When council rate relief is bad

In response to the Coronavirus pandemic, some local councils have announced, or are planning, an across-the-board rate freeze.

A rate freeze is a bad idea for these reasons:

Council rates are a “wealth tax”, not an income tax. Rates are calculated using property values. A general rate freeze gives most of the benefit to the wealthiest property owners.

Victorian councils are already subject to a maximum small percentage increase in total rates collected. Due to rate capping, a rate freeze lowers rate-raising capacity not just for the current year, but for future years. This will reduce local government services permanently.

A better idea is to target relief, here are some suggestions:

Relief for the most affected in the residential community. Pensioners that are asset rich and income poor. Unemployed property owners. Easier to access financial hardship rate deferments. Increased material aid (food and care) packages.

Rather than grant relief to the wealthiest landowners, it’s better to target those most in need.
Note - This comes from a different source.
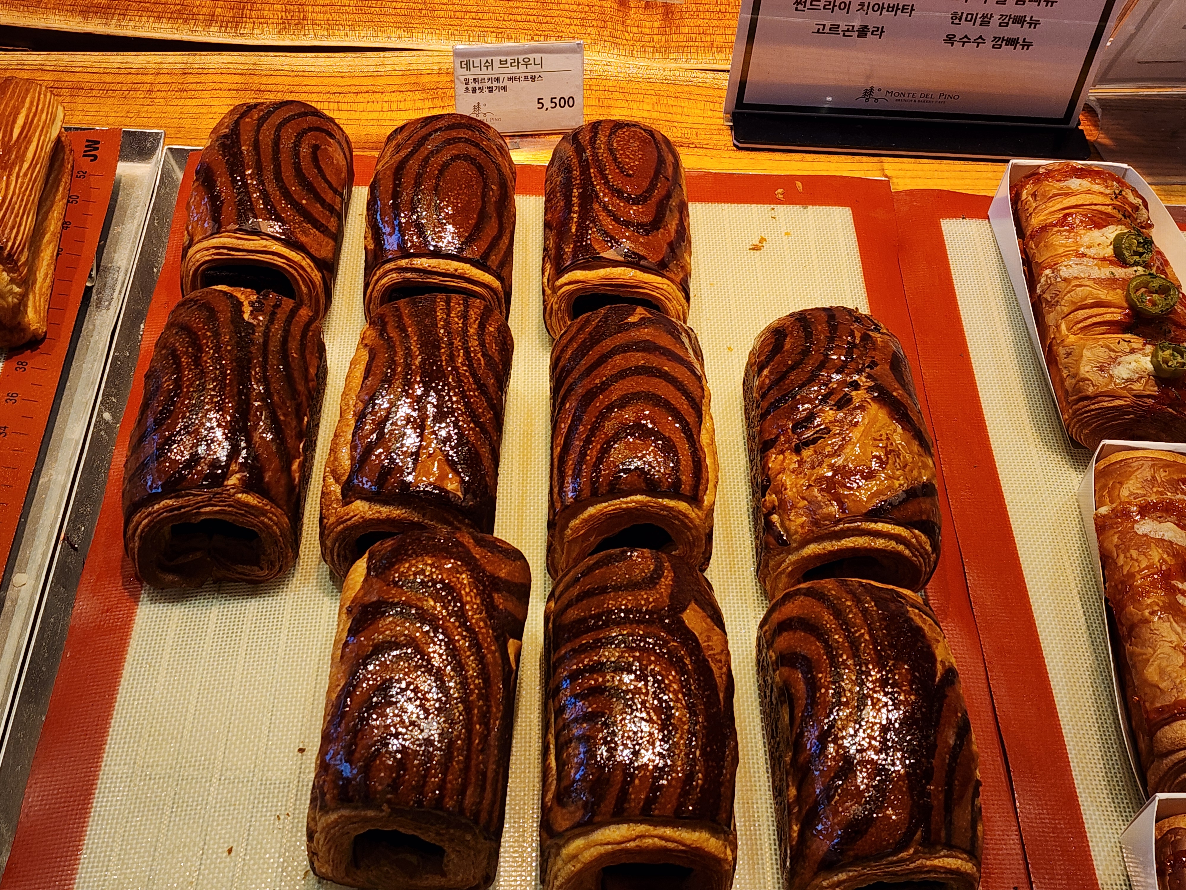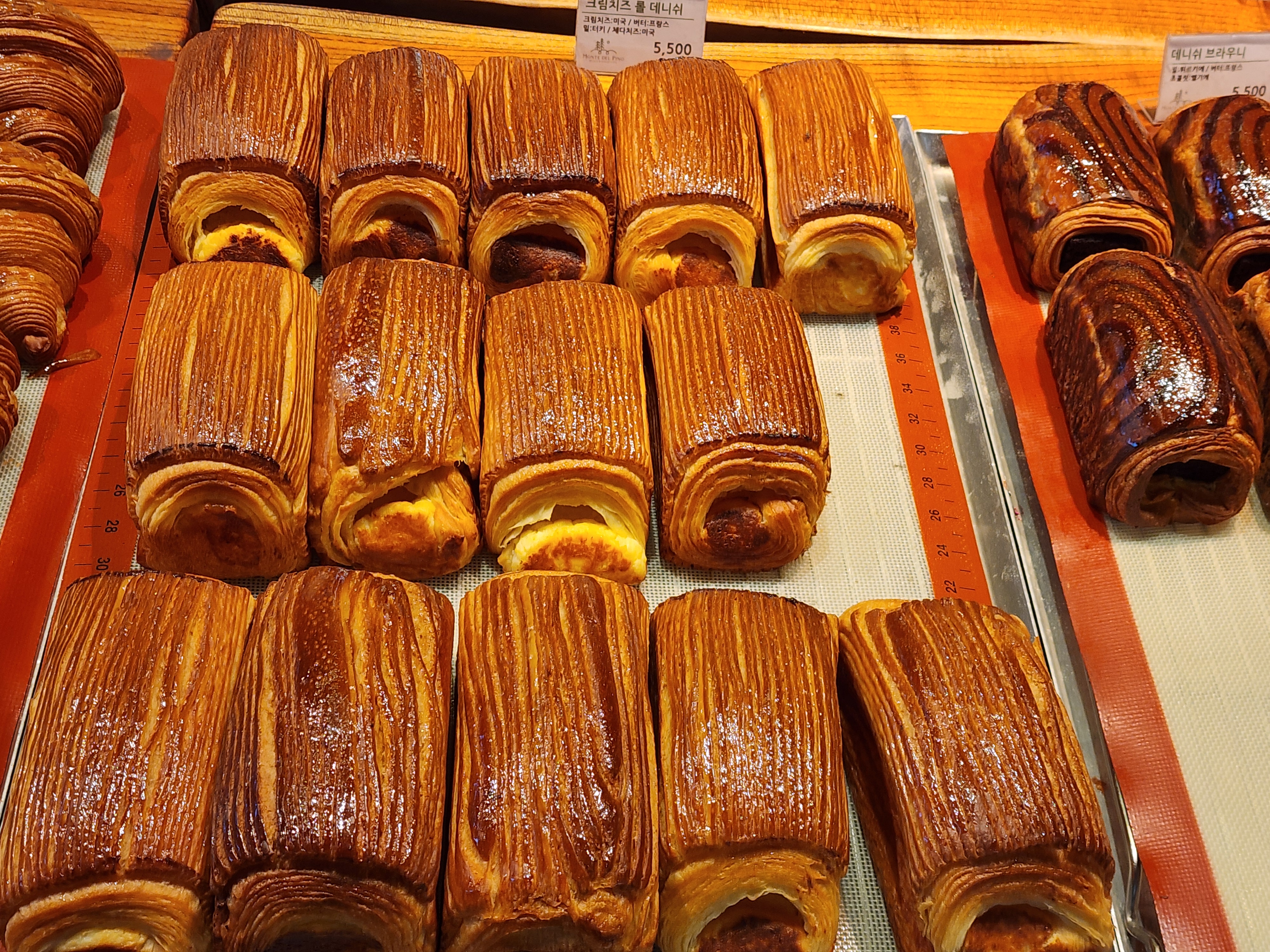 앙버터 크로와상은 촉촉한 앙금과 고소한 버터가 어우러지며 입안에서 부드럽게 녹아내립니다. 그 매력은 매우 강렬하며, 크로와상의 얇고 바삭한 결이 입안 가득 즐거움을 선사합니다. 이러한 맛의 조화는 몬떼델피노가 자랑하는 베이커리 기술력의 결과입니다.

Increased support for the most affected in the business community. Refund street trading permit charges. Rate rebates for retail traders.


When the impacts of the pandemic were first known, many councils responded quickly with broad-brush relief. In order for the limited amount of relief to be most effectively and fairly applied, relief should now be as targeted as possible.

While a rates freeze such as that announced by the City of Melbourne is politically popular, most of the benefit goes to the wealthy, with any resulting debt burden borne by the whole community.